_Aim of the exercise:_ Repeat the entries without change, omitting the pictures.

---

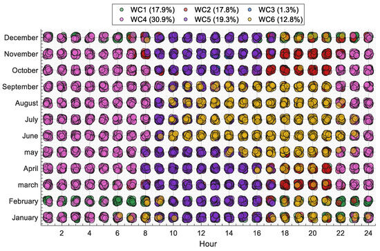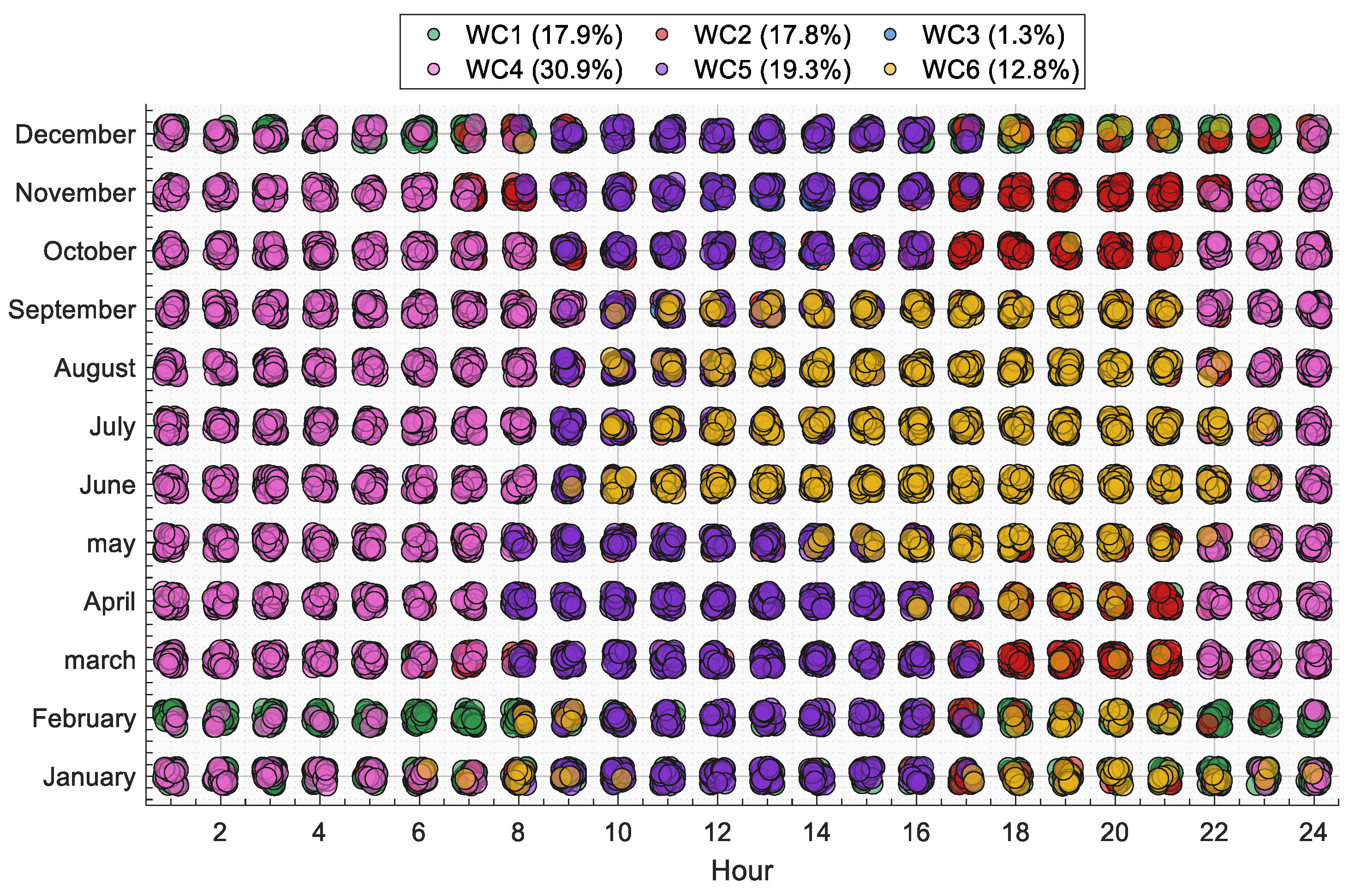 Temporal distribution of 6 identified working conditions (WC) throughout the year, displayed as a 12 ∗ 24 matrix (months × hours) with color-coded clusters: WC1 (17.9%), WC2 (17.8%), WC3 (1.3%, edge condition), WC4 (30.9%, dominant condition), WC5 (19.3%), and WC6 (12.8%).
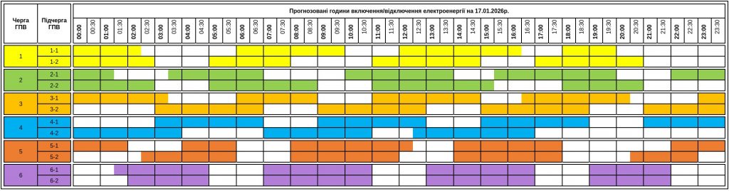 Детальний графік на суботу, 17.01.2026, буде наступним:
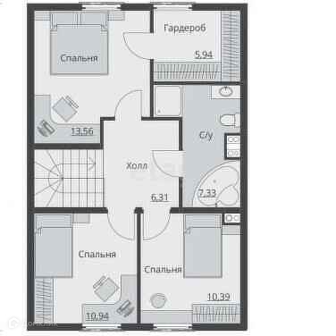 2 этаж: на второй этаж ведет красивая лестница, на этаже расположены 3 спальни и 1 большой холл.
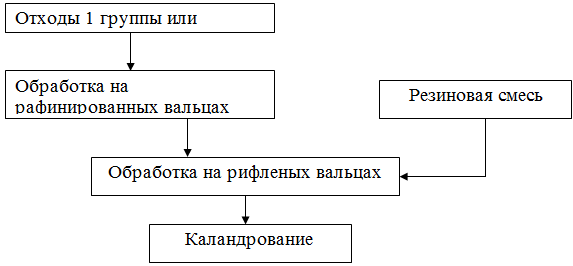Резинотекстильные смеси приготовляют следующим образом (рисунок 2.2). Берут отходы первой группы или «запаса», смешивают на рифленых вальцах с определенным количеством резиновой смеси. Полученная резинотекстильная смесь поступает на участок каландрования.
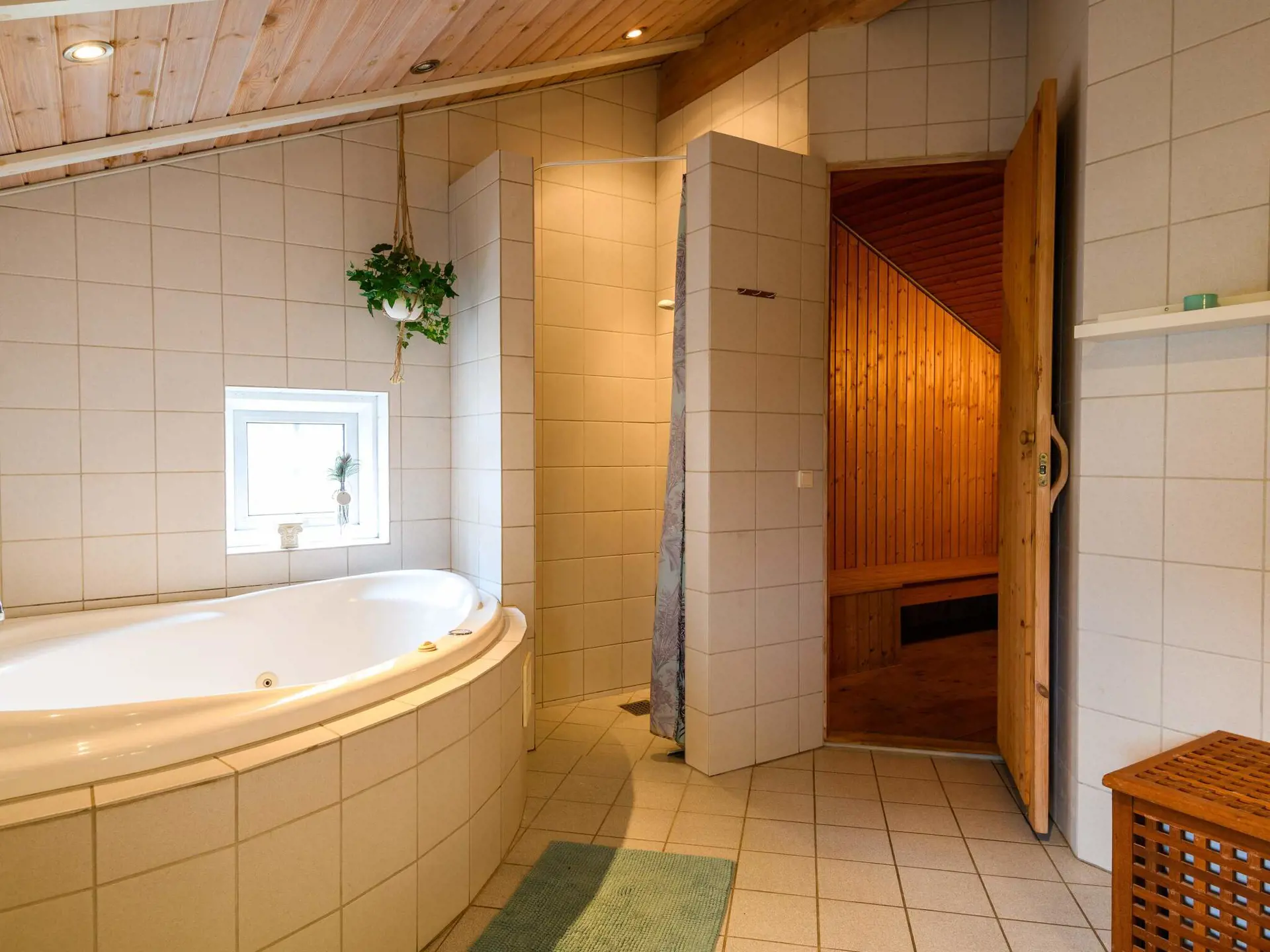 Auf einem schönen, großen Naturgrundstück mit mehreren Terrassen liegt bei Rindby dieses Ferienhaus. Sie wohnen hier in der Nähe von Geschäften und nur 500 m vom herrlichen Strand entfernt. Im Haus schöne Küche mit Essbereich in offener Verbindung mit dem Wohnzimmer. Gefliester Boden mit angenehmer Fußbodenheizung, außer in den Schlafzimmern, die über Teppichboden verfügen. Im Wohnzimmer können Sie es sich vor dem Holzofen gemütlich machen, zudem steht eine klimafreundliche Wärmepumpe zur Verfügung. Geräumiges Badezimmer mit Whirlpool und Sauna. Gutes Mobiliar im Haus, das laufend erneuert wird.

---

_Output of the task:_
 Temporal distribution of 6 identified working conditions (WC) throughout the year, displayed as a 12 ∗ 24 matrix (months × hours) with color-coded clusters: WC1 (17.9%), WC2 (17.8%), WC3 (1.3%, edge condition), WC4 (30.9%, dominant condition), WC5 (19.3%), and WC6 (12.8%).
 Детальний графік на суботу, 17.01.2026, буде наступним:
 2 этаж: на второй этаж ведет красивая лестница, на этаже расположены 3 спальни и 1 большой холл.
Резинотекстильные смеси приготовляют следующим образом (рисунок 2.2). Берут отходы первой группы или «запаса», смешивают на рифленых вальцах с определенным количеством резиновой смеси. Полученная резинотекстильная смесь поступает на участок каландрования.
 Auf einem schönen, großen Naturgrundstück mit mehreren Terrassen liegt bei Rindby dieses Ferienhaus. Sie wohnen hier in der Nähe von Geschäften und nur 500 m vom herrlichen Strand entfernt. Im Haus schöne Küche mit Essbereich in offener Verbindung mit dem Wohnzimmer. Gefliester Boden mit angenehmer Fußbodenheizung, außer in den Schlafzimmern, die über Teppichboden verfügen. Im Wohnzimmer können Sie es sich vor dem Holzofen gemütlich machen, zudem steht eine klimafreundliche Wärmepumpe zur Verfügung. Geräumiges Badezimmer mit Whirlpool und Sauna. Gutes Mobiliar im Haus, das laufend erneuert wird.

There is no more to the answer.